*** RECORDS FOR THE TASK ***
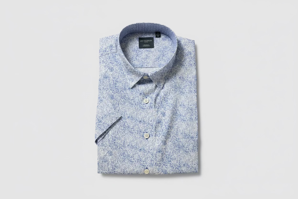 Elevate your everyday wardrobe with this Leo Chevalier light blue short sleeve dress shirt. Crafted for the modern professional, this versatile piece transitions seamlessly from office to casual settings. The crisp light blue hue pairs effortlessly with suits, chinos, or jeans, making it a reliable staple for any occasion. Built with quality construction and a refined fit, this shirt delivers comfort and style in equal measure. Perfect for business meetings, weekend outings, or layering under sweaters and blazers.
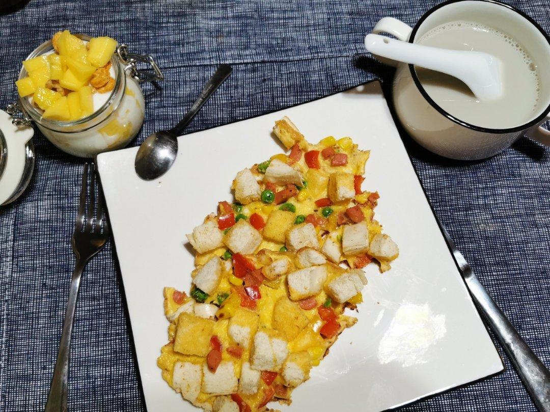 凝固不好,而且馒头切太大了,没炒到时候,继续在努力,孩子说很好哦。
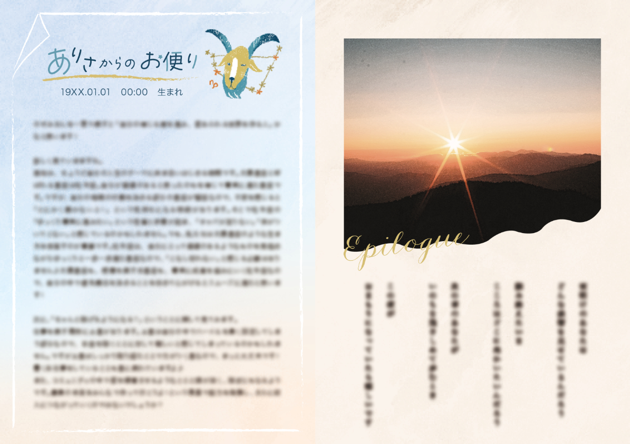 - タイトルとイラストは「夜」から届いたお便りとして、夜の名残の濃い目のカラーを設定
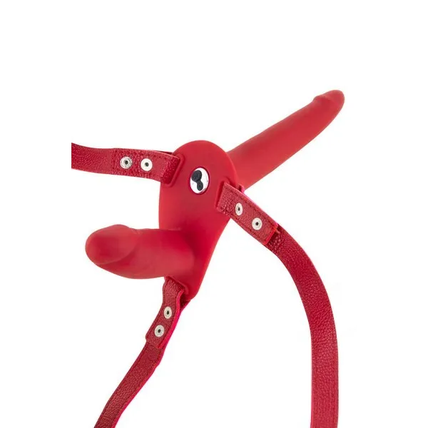 Jouet sexuel comprenant deux godes connectés à une ceinture que l'on peut porter autour de la taille. Les godes sont de tailles différentes, l'un plus petit et l'autre plus gros . Ce type de jouet est idéal pour les jeux de couple et pour explorer de nouvelles sensations.
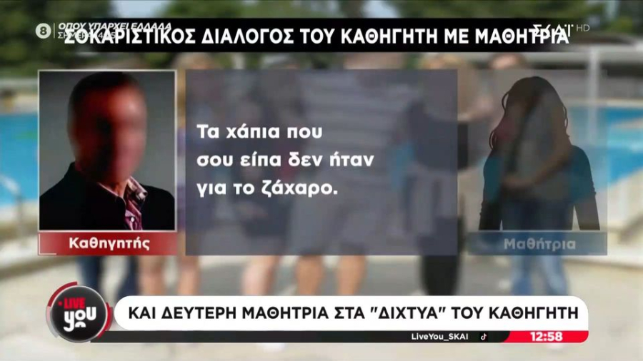 Μάλιστα, υπάρχουν συνομιλίες το 2023, με ξεκάθαρη αναφορά σε σεξουαλική επαφή, όταν οι μαθήτρια ήταν ακόμη 15 χρόνων. Στις συνομιλίες, η ανήλικη μιλάει για τη χρήση κάποιου χαπιού ή κάποιας ουσίας και φέρεται να ρωτά τον 52χρονο τι της έδωσε και ήταν έτσι.
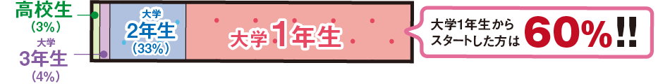 ここでは、大学1年生から学習スタートした合格者のリアルな声と様々なデータから、彼らの合格までの軌跡を紐解いてみましょう。
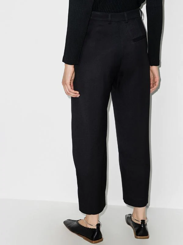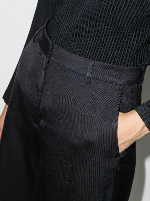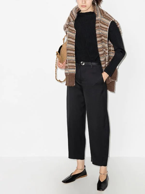 Stockholm-based Totême ‘explores the appeal of a modern uniform’ and does so using refined materials and classic lines. Cut for a cropped tapered silhouette, these wide-leg trousers feature a mid-rise and fasten at the front with a concealed closure.
***
> TO DO
Transcribe exactly the span of lines that opens with the line holding "Μάλιστα, υπάρχουν συνομιλίες" and closes with the last line of the entries above. Omit pictures.

> RESULT
 Μάλιστα, υπάρχουν συνομιλίες το 2023, με ξεκάθαρη αναφορά σε σεξουαλική επαφή, όταν οι μαθήτρια ήταν ακόμη 15 χρόνων. Στις συνομιλίες, η ανήλικη μιλάει για τη χρήση κάποιου χαπιού ή κάποιας ουσίας και φέρεται να ρωτά τον 52χρονο τι της έδωσε και ήταν έτσι.
 ここでは、大学1年生から学習スタートした合格者のリアルな声と様々なデータから、彼らの合格までの軌跡を紐解いてみましょう。
 Stockholm-based Totême ‘explores the appeal of a modern uniform’ and does so using refined materials and classic lines. Cut for a cropped tapered silhouette, these wide-leg trousers feature a mid-rise and fasten at the front with a concealed closure.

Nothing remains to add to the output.